Venya was tall, sturdy, slow. He didn’t talk at all, merely smirked to himself, but he was able to find a glass on the table and drain it in one… Tolik was small, thin and very nervous – his eyes burned, he spoke rapidly, excitably, as if forever having to prove something, persuade someone, protect himself against someone. He reminded Sofia of the members of the communist youth from one of the old Soviet films, a Young Communist League figure working for free on one of the Great Construction Projects of Communism, the type who campaigned zealously and actually believed everything they said, the type who sprayed machine-gun fire or galloped on fiery steeds, budenovkas on their heads. They were ready to die for their ideas…
Tolik suddenly began talking about something that was apparently close to his soul – he tried to explain that young people were being messed around – people said that drugs would kill you, make you drop dead straight away, as soon as you tried them you’d be ill forever. He’d tried everything, more or less everything, and there was nothing that he couldn’t do without if he needed to. LSD and weed were completely harmless – the whole world smoked weed. He grabbed his silent friend’s glass, as if in passing, as if it were a perfectly natural thing to do, and drained it completely. Venya didn’t so much as flinch, and merely turned to the next glassful.
“There’s no way I’m going to start injecting myself,” said Zhanna, “I reckon it’s completely stupid to get AIDS just for a high.”
“You don’t have to inject at all,” objected Tolik hotly. “That’s just for people who like injecting. People who want to inject, inject; people who want to snort, snort… There’s all sorts of stuff you can snort, if all you want to do is get high.”
“What do you get out of it?” said Andryusha sceptically. “You snort, it’s okay the once, and afterwards you’re left with the shakes your whole life…”
“Am I shaking?” yelled Tolik.
“So what do you get out of it?”
“I get everything. It’s a completely different world… You just have to be in that world once, and everything turns upside down… It’s like you’re free. In it you’re completely free.”
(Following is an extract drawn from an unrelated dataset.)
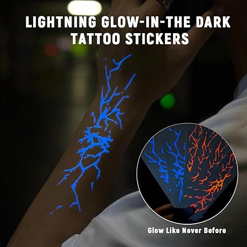 Long - Lasting Glow Effect: Step into the spotlight!These glow in the dark body stickers can glow brightly in the dark for an extended period. Whether you're at a dimly lit party or under the night sky, they'll make you stand out and shine. Our lightning tattoos glow automatically under UV or black light, making you the center of attention at parties, festivals, raves, and night outings

For some reason the conversation made Sofia sad – both sad and uncomfortable – somehow very uncomfortable… The boys seemed to be the type to talk them all round: Tolik was nervous and jumpy, Venya was slow in comparison, yet there was nothing placid in his sluggishness, instead it was heavy somehow, and they worked together like some kind of mesmerising machine, each knowing how to complement the other… And then that thing that Tolik said – it’s li
ke you’re free, completely free… No one had ever talked like that about getting stoned. All they’d done in school was terrify them in health education classes, but no one had given them chapter and verse like this, yet perhaps this was the most important thing about it all?
To Sofia’s right, on a little table by the window, Johnny began rattling about in the coffee box and hurried out. He always did everything in a hurry – he even yawned hurriedly. He abruptly jumped upright on to the cage bars and looked at Sofia questioningly, his nose quivering. He had a sharply pointed nose, sensitive and restive like Johnny Depp’s – like the one he had in The Legend of Sleepy Hollow; the little paws with which he clung to the cage bars were just like human hands with their little pink fingers. Not that they were really human hands; they were hands with long, sharp claws, more like Edward Scissorhands’s… And then there were his eyes, bulging in surprise… those eyes and that face that couldn’t laugh…
For some reason Sofia began to feel very sad for the rat, well, not sad so much as afraid for it. The creature was here and completely at their mercy, as it happened, they were supposed to be responsible for it but they weren’t by any stretch the kind of people it thought them to be: it trusted them, but they could be very dangerous. What would happen if someone more drunk than Sofia were suddenly to get it into their head that rats should be destroyed? She should really let it out of the cage; it had to escape. But it wouldn’t have anywhere to go, would it? It was a situation with no way out, and Sofia felt tearful because of it.